David Barclay got up the moment Kirsty was out of the room, dressed himself in haste, swallowed a glass of whiskey, saddled the gray mare, gave her a feed of oats, which she ate the faster that she felt the saddle, and set out for Tiltowie to get the doctor. Threatening as the weather was, he was well on the road before the wind became so full of snow as to cause him any anxiety either for those on the hill or for himself. But after the first moment of anxiety, a very few minutes convinced him that a battle with the elements was at hand more dangerous than he had ever had to fight with armed men. For some distance the road was safe enough as yet, for the storm had not had time to heap up the snow between the bordering hills; but by and by he must come out upon a large tract recovered by slow degrees and great labor from the bog, and be exposed to the full force of the now furious wind where, in many places it would be far easier to wander off than to stay upon a road level with the fields, and bounded not even by a ditch the size of a wheel-track. When he reached the open, therefore, he was compelled to go at a foot-pace through the thick, blinding, bewildering, tempest-driven snow; and was not surprised when, in spite of all his caution, he found, 192 by the sudden sinking and withdrawing of one of his mare's legs with a squelching noise, that he had got astray upon the bog, nor knew any more in what direction the town or other abode of humanity lay. The only thing he did know was the side of the road to which he had turned; and that he knew only by the ground into which he had got: no step farther must in that direction be attempted! His mare seemed to know this as well as himself, for when she had pulled her leg out, she drew back a pace, and stood; whereupon David cast a knot on the reins, threw them on her neck, and told her to go where she pleased. She turned half round and started at once, feeling her way at first very carefully. Then she walked slowly on, with her head hanging low. Again and again she stopped and snuffed, diverged a little, and went on.

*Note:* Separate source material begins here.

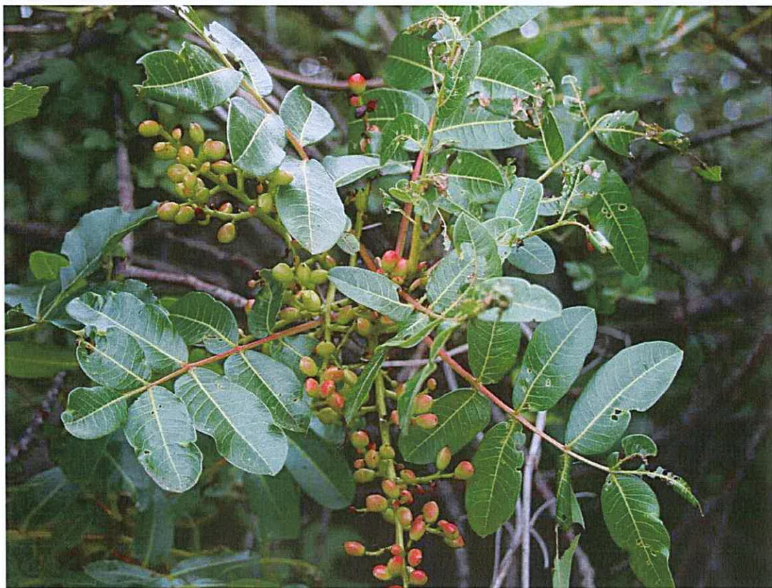
Pistachier terebinthe à conserver avec si possible aucune intervention sur ces individus

The wind was packed rather than charged with snow. Men said there never was a wind of the strength with so much snow in it. David began to despair of ever finding the road again, and naturally in such strait thought how much worse would Kirsty and Steenie be faring on the open hill-side. His wife, he knew, could not have started before the storm rose to tempest, and would delay her departure. Then came the reflection, how little at any time could a father do for the well-being of his children! The fact of their being children implied their need of an all-powerful father: must there not then be such a father? Therewith the truth dawned upon him, that first of truths, which all his church-going and Bible-reading had hitherto failed to disclose, that, for life to be a good thing and worth living, a 193 man must be the child of a perfect Father, and know him. In his terrible perturbation about his children, he lifted up his heart — not to the Governor of the world; not to the God of Abraham or Moses; not in the least to the God of the Kirk; least of all to the God of the Shorter Catechism; but to the faithful creator and Father of David Barclay. The aching soul which none but a perfect Father could have created capable of deploring its own fatherly imperfection, cried out to the Father of fathers on behalf of his children, and as he cried, a peace came stealing over him such as he had never before felt.

Then he knew that his mare had been for some time on hard ground, and was going with purpose in her gentle trot. In five minutes more, he saw the glimmer of a light through the snow. Near as it was, or he could not have seen it, he failed repeatedly in finding his way to it. The mare at length fell over a stone wall out of sight in the snow, and when they got up they found themselves in a little garden at the end of a farm-house. Not, however, until the farmer came to the door, wondering who on such a morning could be their visitor, did he know to what farm the mare had brought him. Weary, and well aware that no doctor in his senses would set out for the top of the Horn in such a tempest of black and white, he gratefully accepted the shelter and refreshment of which his mare and he stood by this time in much need, and waited for a lull in the storm.